Filed pursuant to Rule 424(b)(5)
Registration No. 333-288774
PROSPECTUS SUPPLEMENT
(To prospectus dated August 1, 2025 and
prospectus supplement dated August 1, 2025)
Up to $200,000,000 of Shares

PLAYBOY, INC.
Common Stock
This prospectus supplement (this “Prospectus Supplement”) amends and supplements the prospectus supplement dated August 1, 2025 (the “ATM Prospectus”). This Prospectus Supplement should be read in conjunction with the ATM Prospectus and the accompanying base prospectus dated August 1, 2025, filed with the Securities and Exchange Commission as a part of our registration statement on Form S-3 (File No. 333-288774) (the “Registration Statement”), relating to the offer and sale of shares of our common stock, par value $0.0001 per share (“Common Stock”), from time to time pursuant to the terms of the Sales Agreement, dated August 8, 2024, as amended by Amendment No. 1 thereto, dated July 18, 2025 (as amended, the “Sales Agreement”), with Roth Capital Partners, LLC (the “Sales Agent”). This Prospectus Supplement is qualified by reference to the ATM Prospectus, except to the extent that the information herein amends or supersedes the information contained in the ATM Prospectus. This Prospectus Supplement is not complete without, and may only be delivered or utilized in connection with, the ATM Prospectus and accompanying base prospectus, and any future amendments or supplements thereto.
We are filing this Prospectus Supplement to amend the ATM Prospectus to increase the dollar amount of our Common Stock that we may offer and sell through the Sales Agent pursuant to the Sales Agreement to $200,000,000, which does not include the approximately $10.79 million of shares that were previously sold pursuant to the Sales Agreement as of the date of this Prospectus Supplement.

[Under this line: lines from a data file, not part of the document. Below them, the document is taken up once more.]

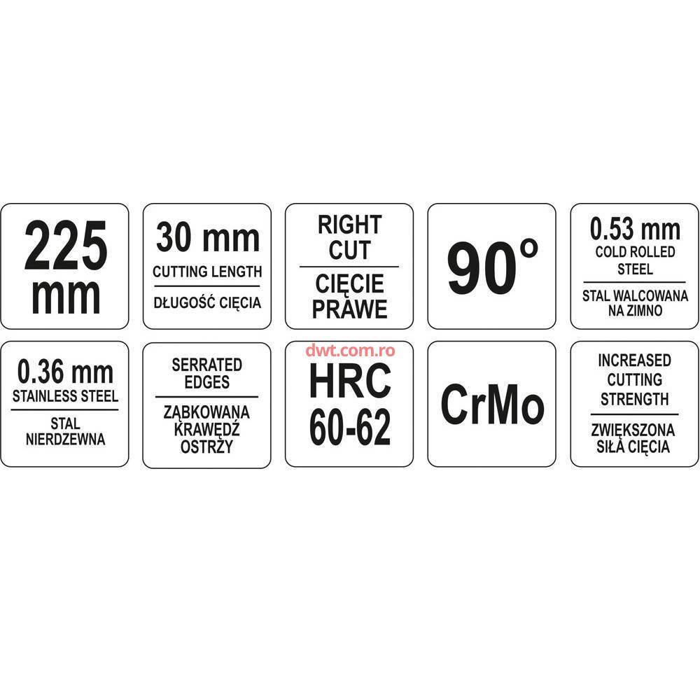 YATO YT-1914 Foarfeca de taiat tabla Yato YT-1914, unghi drept 90gr, max 0.78 mm |
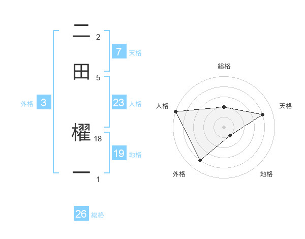 二田 櫂一さんの総格は26画の2点!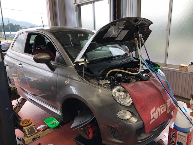 FIAT500車検整備開始です。ウィークポイントのサーモハウジングは漏れが発生していたので交換させて頂きました。ヒーターパイ...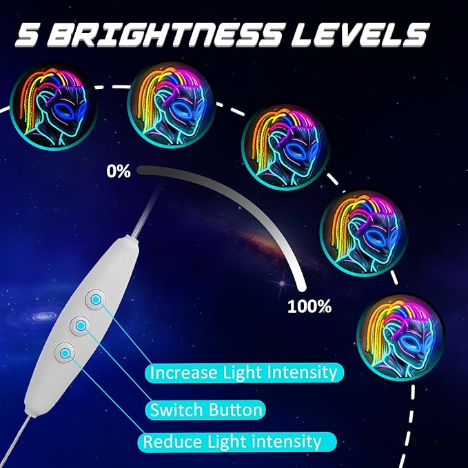 • Dimmable Design: The neon light sign features a precise five-level dimming function. Easily adjust the brightness to suit any mood. Perfect for creating a warm home ambiance, a vibrant party setting, or a focused workspace. Covers all your lighting needs
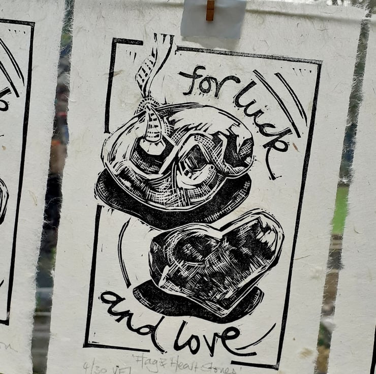 This little print was inspired by two particularly lovely stones gathered from holiday walks. It’s always so satisfying to find a heart shaped piece and I just love the idea of the hag stone as an ancient protector; legend tells how only good things can pass through the hole, whereas evil is trapped inside…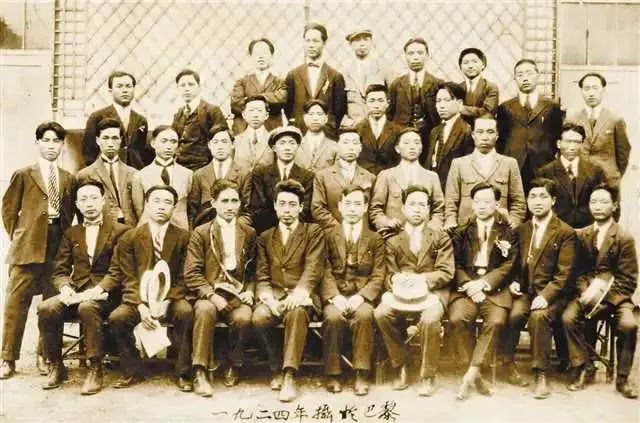▲1924年7月,旅欧共产主义青年团第五次代表大会后,欢送周恩来同志回国时合影。邓小平(最后排右三)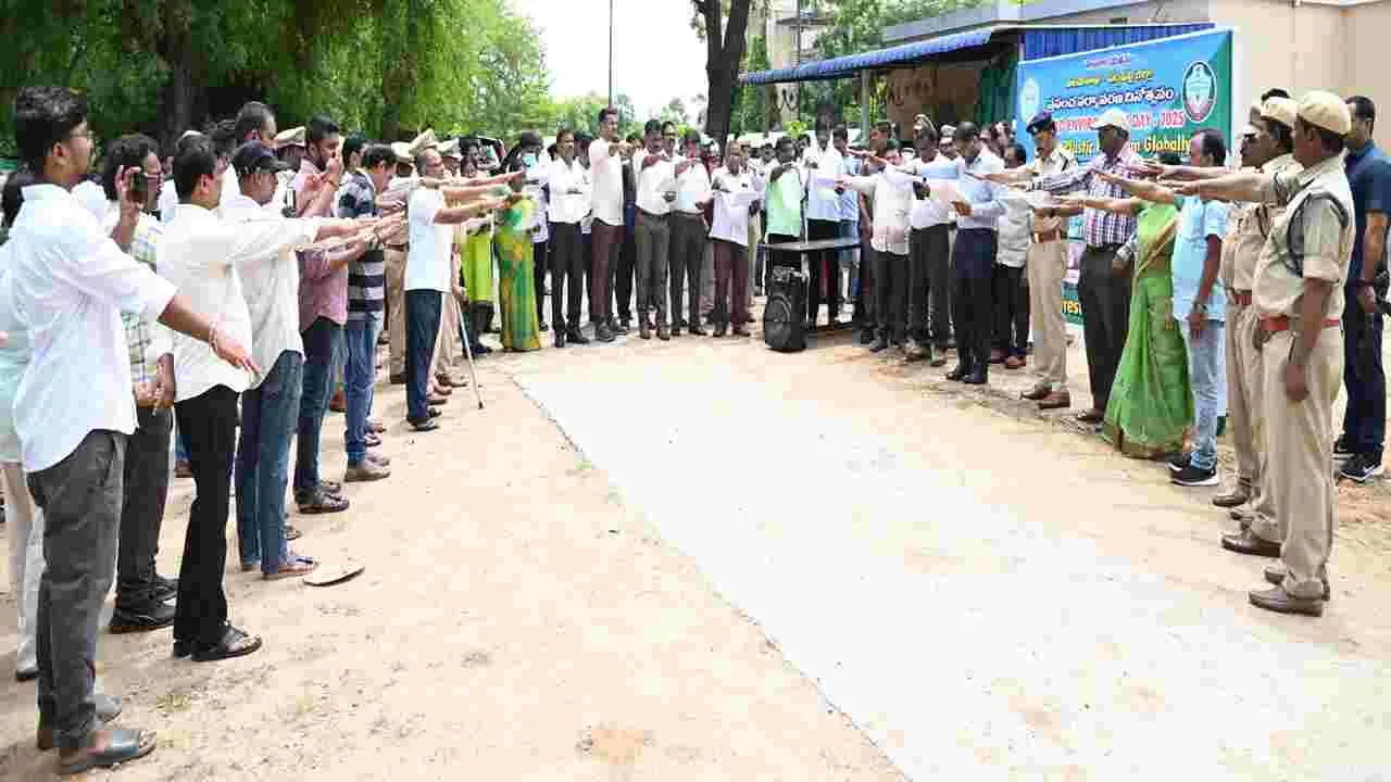 సమాజంలో ఆశిస్తున్న మార్పు మన నుంచే ప్రారంభం కావాలని, ప్లాస్టిక్ వాడకం తగ్గించాలని, చెత్తను సెగ్రిగేట్ చేయా లని కలెక్టర్ కోయ శ్రీహర్ష అన్నారు. గురువారం అటవీ శాఖ ఆధ్వర్యంలో ఏర్పాటు చేసిన ప్రపంచ పర్యావరణ దినోత్సవ కార్యక్రమంలో కలెక్టరేట్ ఆవ రణలో డీసీపీ కరుణాకర్, అదనపు కలెక్టర్ డి.వేణుతో కలిసి ఏక్ పెడ్ మాకే నామ్ కార్యక్రమంలో భాగంగా మొక్కలు నాటారు.
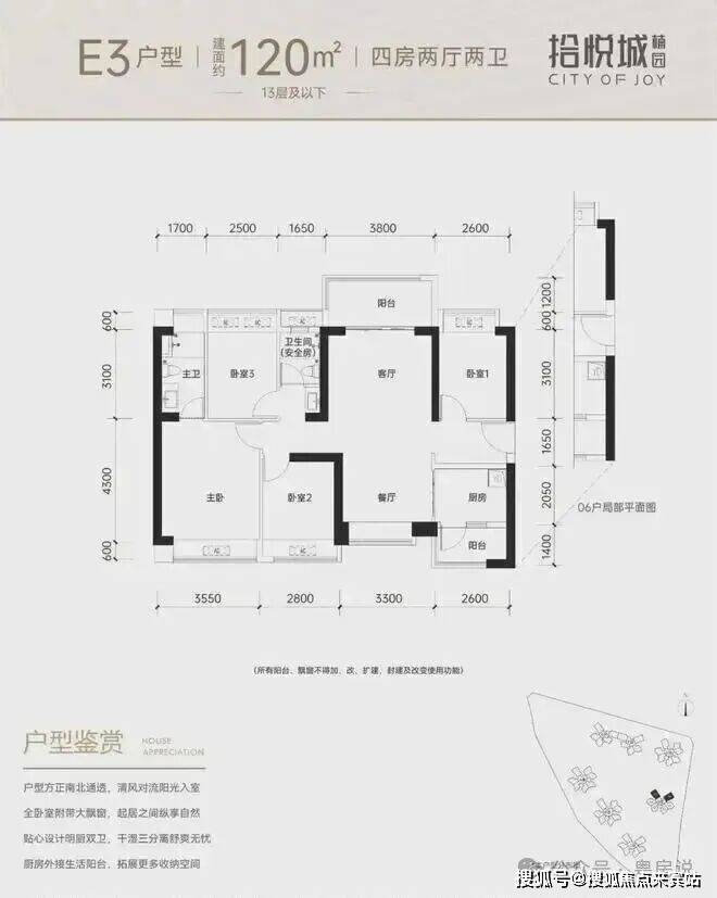 100平三房:设计的是竖厅格局,进门入户玄关,客厅3.4米开间,LDKB一体化设计,3个卧室分别做到了3米/2.9米/2.5米的宽度,U型厨房,公卫三段式分离,得房率:77.14%(不含赠送),阳台1.8米宽度,西南或东南朝向。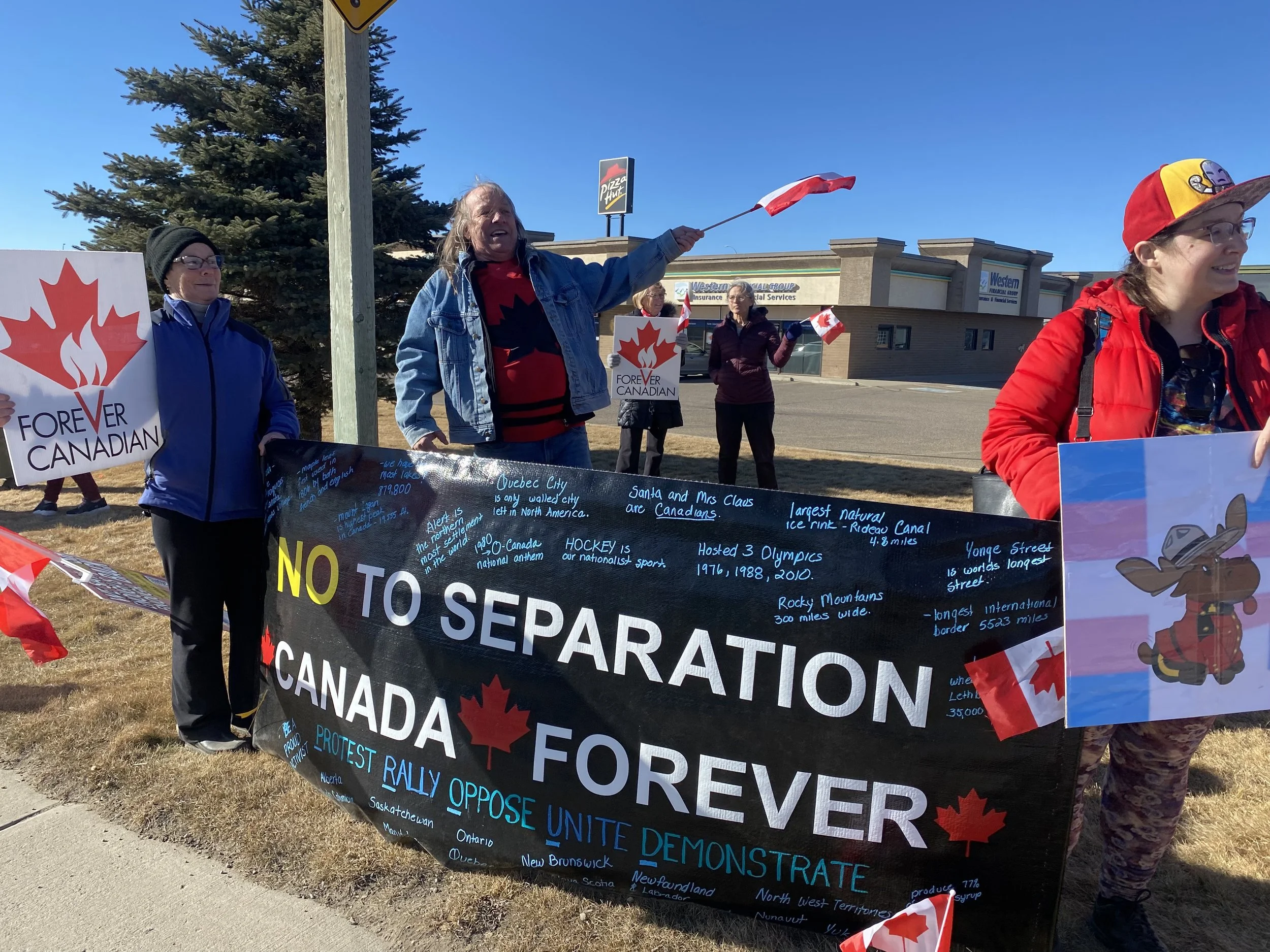A pro-Canada rally outside the constintuency office of MLA Justin Wright on Saturday Feb. 14.

We are no longer subject to General Instruction I.B.6. of Form S-3 as the aggregate market value of our Common Stock held by non-affiliates exceeded $75.0 million as of February 23, 2026.
Sales of our Common Stock, if any, under this Prospectus Supplement may be made in sales deemed to be “at the market offerings” as defined in Rule 415(a)(4) promulgated under the Securities Act of 1933, as amended (the “Securities Act”). The Sales Agent will act as sales agent and use commercially reasonable efforts to sell on our behalf all of the shares of Common Stock requested to be sold by us, consistent with its normal trading and sales practices, on mutually agreed terms between us and the Sales Agent. There is no arrangement for funds to be received in any escrow, trust or similar arrangement.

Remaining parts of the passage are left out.